On 24/07/12 12:24, Michael Brunnbauer wrote:
Hello Andy,
On Tue, Jul 24, 2012 at 01:13:59PM +0200, Michael Brunnbauer wrote:
BTW: Here is some output from tdbloader2 for this TDB which shows that
the tdbloader2 data phase runtime gets quite non-linear for very big datasets.
I called tdbloader2 with JVM_ARGS="-Xmx32768M -server" and it did not seem to
run into memory problems.
I should be more specific here: Whenever I watched it after 10^9 quads it was
doing disk IO (i think mostly writes, probably to node2id.dat and nodes.dat).
Would it be possible to generate node2id.dat and nodes.dat without random
access ?
(see also tdbloader4)
Yes - it looks like the node file, part of which is a B+Tree of hash
(128 bits) to NodeId.

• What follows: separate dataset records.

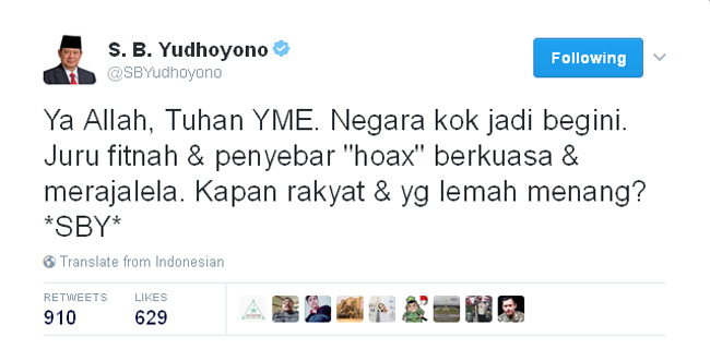"Jadi SBY yang menabur dengan bibit membangun bangsa dan negara yang kurang berkualitas, akhir Joko Widodo menuai badai hoax dan fitnah. Dan rakyat lemah banyak hilang perhatiannya," pungkasnya
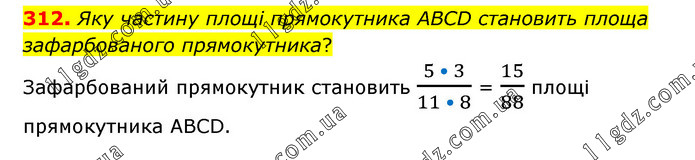 Яку частину площі прямокутника ABCD становить площа зафарбованого прямокутника? Зафарбований прямокутник становить (5 • 3)/(11 • 8) = 15/88 площі прямокутника ABCD.
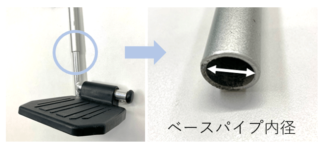 ご購入希望の際は、車いす側のフレームパイプの内径が16㎜であることをご確認ください。内径16㎜以外への取り付けはできません。
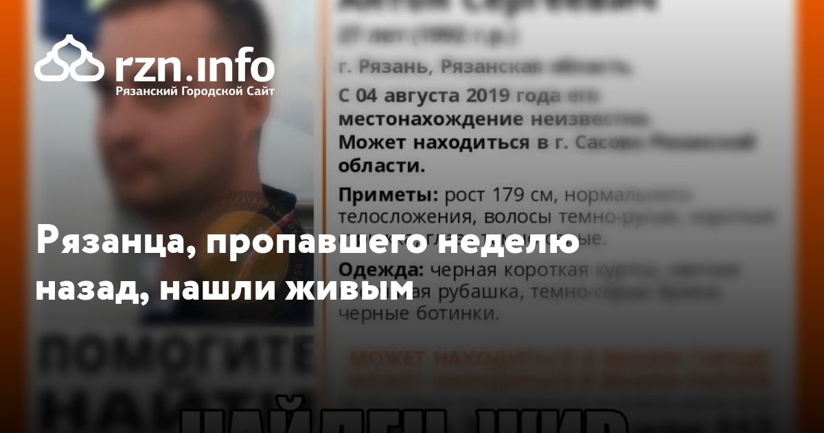 Напомним, ранее в Рязани пропал 27-летний мужчина.
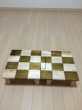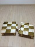パイン材で製作したローテーブルに、格子柄の模様をつけてその上からクリアのトップコートを何層にも塗り重ねて、透き通るような深い艶を出しました。
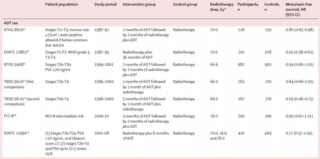 这项最新发表于Lancet Oncol的荟萃分析中,研究人员对MEDLINE、Embase、试验注册、Web of Science、Scopus和会议记录进行系统的文献检索。纳入的多中心随机试验是在接受明确放疗的局限性前列腺癌男性中评估使用或延长ADT(或两者),报告或收集远处转移和生存数据,并在协议定义的有限持续时间内使用ADT。研究的主要结局是无转移生存(MFS)。
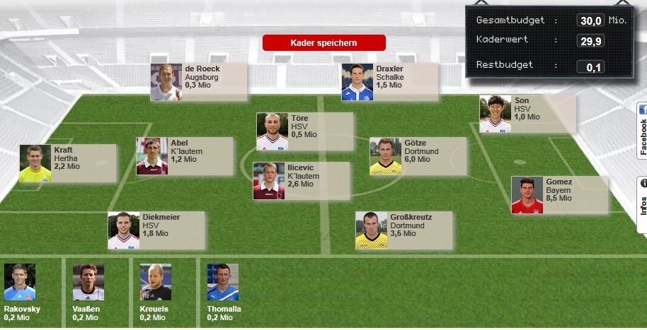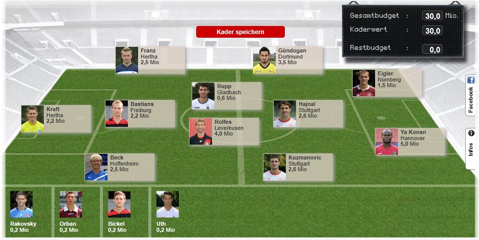 Hab mich ziemlich schwer damit getan da das Budget doch sehr begrenzt ist und die guten Spieler teilweise zwischen 5-12 Mille kosten.
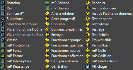 L'entrée Peinture emplacement est suivie de "(???)". Cela signifie que vous ne lui avez pas encore attribué d'assistant Peinture particule.
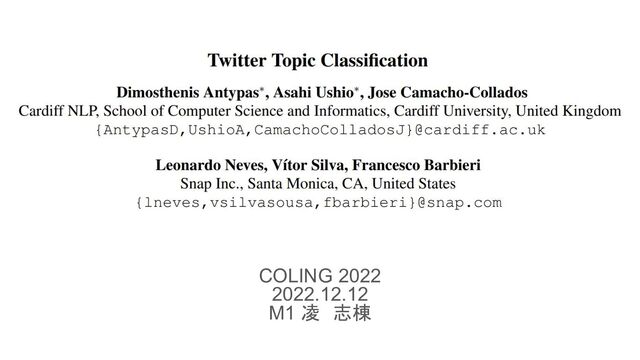 #GoogleDoodle” or “Gifts of love are the ingredients of a #MerryChristmas Give your loved ones a physical/virtual crypto gift card within the {{USERNAME}} app ◦ 宗教・文化関連だが、宗教活動は日常生活でもある ◦ データセットの分類は完璧ではない • science & technologyの40%を誤って判断 Bill Gates-Funded Company Releases Genetically Modified Mosquitoes in US ◦ business & entrepreneursと誤分類 • Multi-label分類ではcelebrity & pop cultureの誤りが 多い ◦ モデルは言及された人が有名人かどうかは知らない

This is used to see if the node has already been
encountered. There is a cache - maybe this needs greatly increasing in
size or a more explicit in-memory structure fronting the node table for
bulk loading. At query time, this isn't such an important lookup.
How big are the node* files (node2id.dat, .idn, nodes.dat) in the
resulting database in this case?
Andy
Regards,
Michael Brunnbauer